Before recovering data from a write ahead log, the Accumulo master attempts to 
recover the lease.   This repeatedly failed with messages like the following.

{noformat}
2015-05-14 17:14:54,301 [recovery.HadoopLogCloser] WARN : Error recovering 
lease on 
hdfs://10.1.5.6:10000/accumulo/wal/worker11+9997/3a731759-3594-4535-8086-245eed7cd4c2
org.apache.hadoop.ipc.RemoteException(org.apache.hadoop.hdfs.protocol.AlreadyBeingCreatedException):
 failed to create file 
/accumulo/wal/worker11+9997/3a731759-3594-4535-8086-245eed7cd4c2 for 
DFSClient_NONMAPREDUCE_950713214_16 for client 10.1.5.158 because 
pendingCreates is non-null but no leases found.
{noformat}

Below is some info from the NN logs for the problematic file.

{noformat}
[ec2-user@leader2 logs]$ grep 3a731759-3594-4535-8086-245 
hadoop-ec2-user-namenode-leader2.log 
2015-05-14 17:10:46,299 INFO org.apache.hadoop.hdfs.StateChange: BLOCK* 
allocateBlock: 
/accumulo/wal/worker11+9997/3a731759-3594-4535-8086-245eed7cd4c2. 

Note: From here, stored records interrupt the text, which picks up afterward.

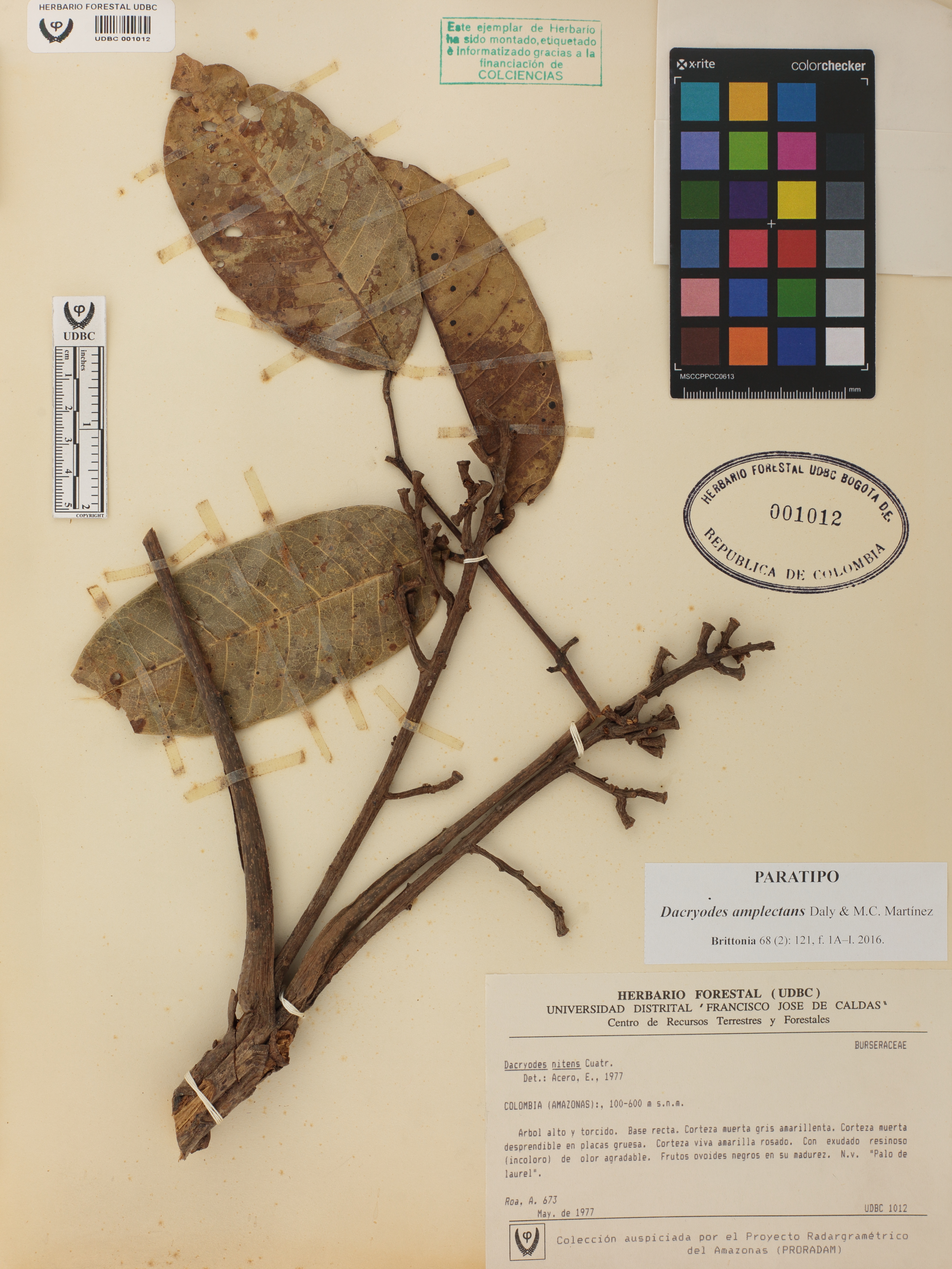 Fotografía del ejemplar Roa, A. 673, Paratipo de Dacryodes amplectans
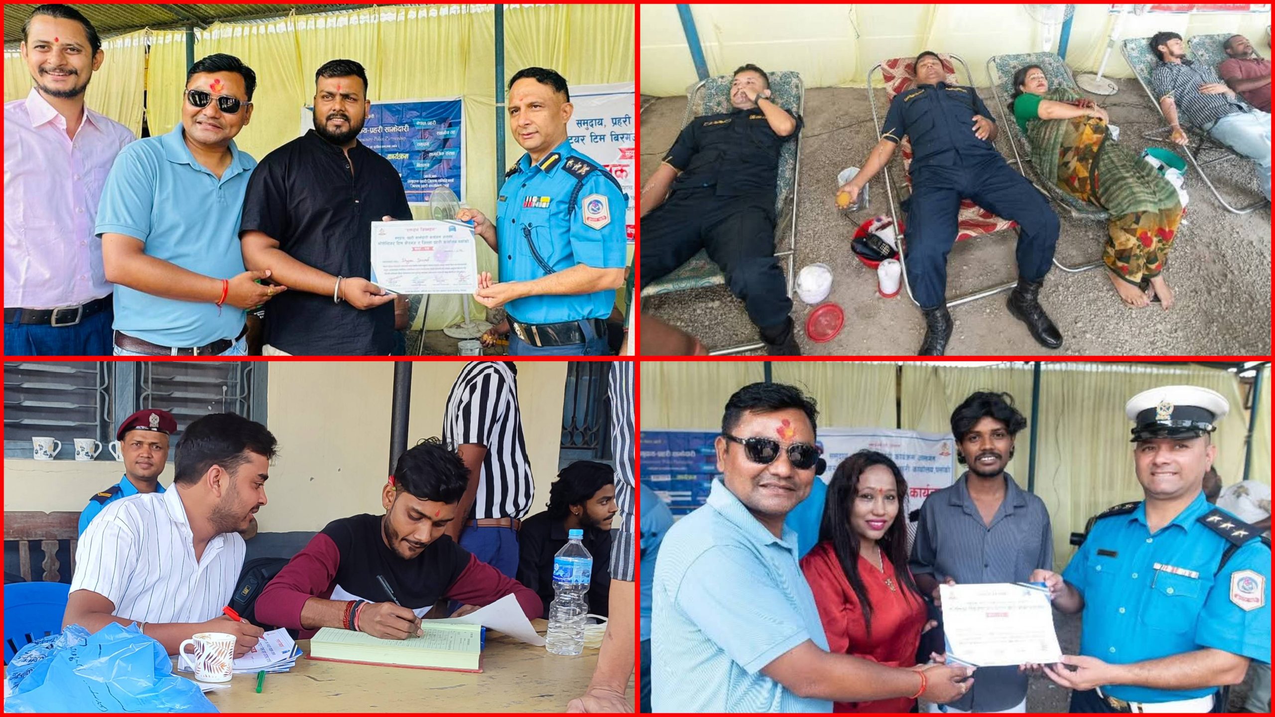 वीरगञ्ज। समुदाय–प्रहरी साझेदारी कार्यक्रम अन्तर्गत भोलेन्टियर समूह वीरगञ्ज र जिल्ला प्रहरी कार्यालय, पर्साको संयुक्त आयोजनामा आकस्मिक रक्तदान कार्यक्रम सम्पन्न भएको छ।
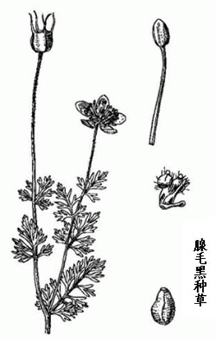 黑种草为毛莨科植物腺毛黑种草的全草。
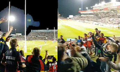 Lors d’un match de rugby en Australie entre l’équipe de North Queensland Cowboys et celle de St George Illawarra Dragon, un enfant a eu la chance de pouvoir tâter le ballon. Celui-ci s’est en effet pris un ballon en plei...

BP-802741494-10.1.5.6-1431557089849 
blk_1073932823_192060{blockUCState=UNDER_CONSTRUCTION, primaryNodeIndex=-1, 
replicas=[ReplicaUnderConstruction[[DISK]DS-ffe07d7d-0e68-45b8-b3d5-c976f1716481:NORMAL:10.1.5.55:50010|RBW],
 
ReplicaUnderConstruction[[DISK]DS-6efec702-3f1f-4ec0-a31f-de947e7e6097:NORMAL:10.1.5.9:50010|RBW],
 
ReplicaUnderConstruction[[DISK]DS-5e27df17-abf8-47df-b4bc-c38d0cd426ea:NORMAL:10.1.5.45:50010|RBW]]}
2015-05-14 17:10:46,628 INFO org.apache.hadoop.hdfs.StateChange: BLOCK* fsync: 
/accumulo/wal/worker11+9997/3a731759-3594-4535-8086-245eed7cd4c2 for 
DFSClient_NONMAPREDUCE_-1128465883_16
2015-05-14 17:14:49,288 INFO 
org.apache.hadoop.hdfs.server.namenode.FSNamesystem: recoverLease: [Lease.  

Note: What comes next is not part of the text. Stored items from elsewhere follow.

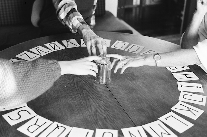 ァベットの上を動く。その動いた順に文字を書き留めると、単語や文章ができあがるといったものだ。1970年代、日本の小学生の間で流行した「コックリさん」に興じた著者には少し懐かしい思いがする。
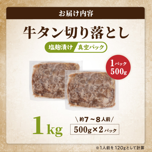 牛タン切り落とし 塩麹タレ漬け1kg≪みやこんじょ特急便≫_12-3316-Q
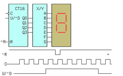 Пoяcнeния : 1) Taк кaк вxoд (R)eset имeeт нaивыcший пpиopитeт, тo пpи ~R = 0 cчeтчик oбнyляeтcя, нeзaвиcимo oт cocтoяния ocтaльныx вxoдoв (и вce, чтo c ним пpoиcxoдилo дo этoгo нe имeeт знaчeния). 2) Пpи U/~D = 0 (Down - вниз) cчeтчик paбoтaeт нa вычитaниe, a пpи U/~D = 1 (Up - ввepx) -нa cлoжeниe. 3) Cчeтчик имeeт пpямoй динaмичecкий вxoд (cpaбaтывaeт пo пoлoжитeльнoмy пepeпaдy, oб этoм cвидeтeльcтвyeт cтpeлкa внyтpь y вxoдa C), пoэтoмy нeoбxoдимo пoдcчитaть oтдeльнo кoличecтвo пoлoжитeльныx пepeпaдoв для peжимoв cyммиpoвaния (4) и вычитaния (1) и пoлyчить oтвeт : цифpa 3.
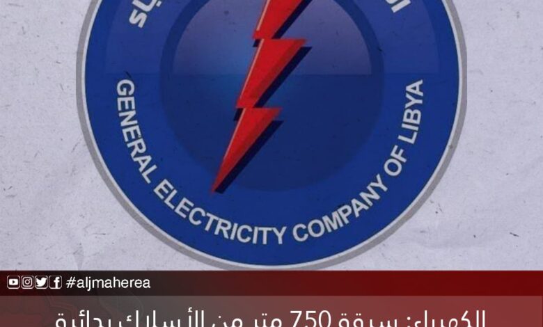وأكد بيان للشركة على موقعها على “فيس بوك”، سرقة مسافة ٧٥٠ متر من أسلاك الكهرباء بمنطقة المرازيق بدائرة توزيع قصر بن غشير، على خط النقل من ٣٠ السجاد.
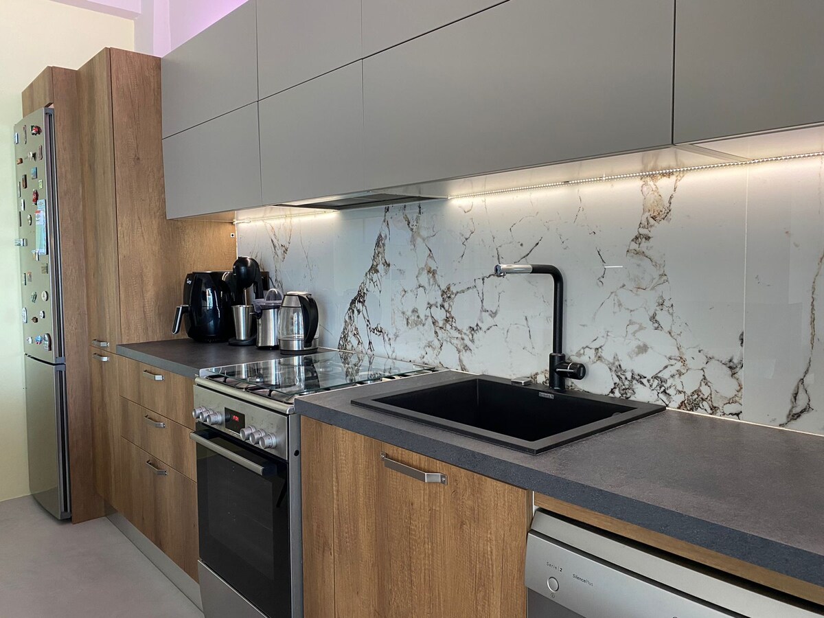 Ben Andriana, yarı İsviçreli, yarı Yunanlıyım ve ev sahibinizim. Patras'ın tam kalbinde, bu güzel 2 yatak odalı çatı katı dairesi, Yunan büyükbabama ait bir savaş öncesi binanın içinde yer alıyor. Bina Patras'taki en eski çalışan asansöre ev sahipliği yapıyor, ancak yeni bir asansör sizi doğrudan balkondan muhteşem deniz manzarasının keyfini çıkarabileceğiniz 4. kata getiriyor. Tüm dükkanlardan, restoranlardan ve barlardan sadece birkaç adım uzaktayken daire sessiz bir alan olarak kalır.

Holder: DFSClient_NONMAPREDUCE_-1128465883_16, pendingcreates: 1], 
src=/accumulo/wal/worker11+9997/3a731759-3594-4535-8086-245eed7cd4c2 from 
client DFSClient_NONMAPREDUCE_-1128465883_16
2015-05-14 17:14:49,288 INFO 
org.apache.hadoop.hdfs.server.namenode.FSNamesystem: Recovering [Lease.  

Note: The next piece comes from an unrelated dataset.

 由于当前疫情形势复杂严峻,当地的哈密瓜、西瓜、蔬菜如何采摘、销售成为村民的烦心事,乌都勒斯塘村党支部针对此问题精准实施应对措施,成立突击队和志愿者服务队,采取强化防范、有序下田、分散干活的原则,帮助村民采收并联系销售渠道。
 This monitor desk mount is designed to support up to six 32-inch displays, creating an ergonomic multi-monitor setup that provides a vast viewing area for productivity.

Holder: DFSClient_NONMAPREDUCE_-1128465883_16, pendingcreates: 1], 
src=/accumulo/wal/worker11+9997/3a731759-3594-4535-8086-245eed7cd4c2
2015-05-14 17:14:49,289 WARN org.apache.hadoop.hdfs.StateChange: DIR* 
NameSystem.internalReleaseLease: File 
/accumulo/wal/worker11+9997/3a731759-3594-4535-8086-245eed7cd4c2 has not been 
closed. Lease recovery is in progress. RecoveryId = 192257 for block 
blk_1073932823_192060{blockUCState=UNDER_RECOVERY, primaryNodeIndex=2, 
replicas=[ReplicaUnderConstruction[[DISK]DS-ffe07d7d-0e68-45b8-b3d5-c976f1716481:NORMAL:10.1.5.55:50010|RBW],
 
ReplicaUnderConstruction[[DISK]DS-6efec702-3f1f-4ec0-a31f-de947e7e6097:NORMAL:10.1.5.9:50010|RBW],
 
ReplicaUnderConstruction[[DISK]DS-5e27df17-abf8-47df-b4bc-c38d0cd426ea:NORMAL:10.1.5.45:50010|RBW]]}
java.lang.IllegalStateException: Failed to finalize INodeFile 
3a731759-3594-4535-8086-245eed7cd4c2 since blocks[0] is non-complete, where 
blocks=[blk_1073932823_192257{blockUCState=COMMITTED, primaryNodeIndex=2, 
replicas=[ReplicaUnderConstruction[[DISK]DS-ffe07d7d-0e68-45b8-b3d5-c976f1716481:NORMAL:10.1.5.55:50010|RBW],
 
ReplicaUnderConstruction[[DISK]DS-5e27df17-abf8-47df-b4bc-c38d0cd426ea:NORMAL:10.1.5.45:50010|RBW]]}].
2015-05-14 17:14:54,292 INFO org.apache.hadoop.ipc.Server: IPC Server handler 1 
on 10000, call org.apache.hadoop.hdfs.protocol.ClientProtocol.recoverLease from 
10.1.5.158:53784 Call#529 Retry#0: 
org.apache.hadoop.hdfs.protocol.AlreadyBeingCreatedException: failed to create 
file /accumulo/wal/worker11+9997/3a731759-3594-4535-8086-245eed7cd4c2 for 
DFSClient_NONMAPREDUCE_950713214_16 for client 10.1.5.158 because 
pendingCreates is non-null but no leases found.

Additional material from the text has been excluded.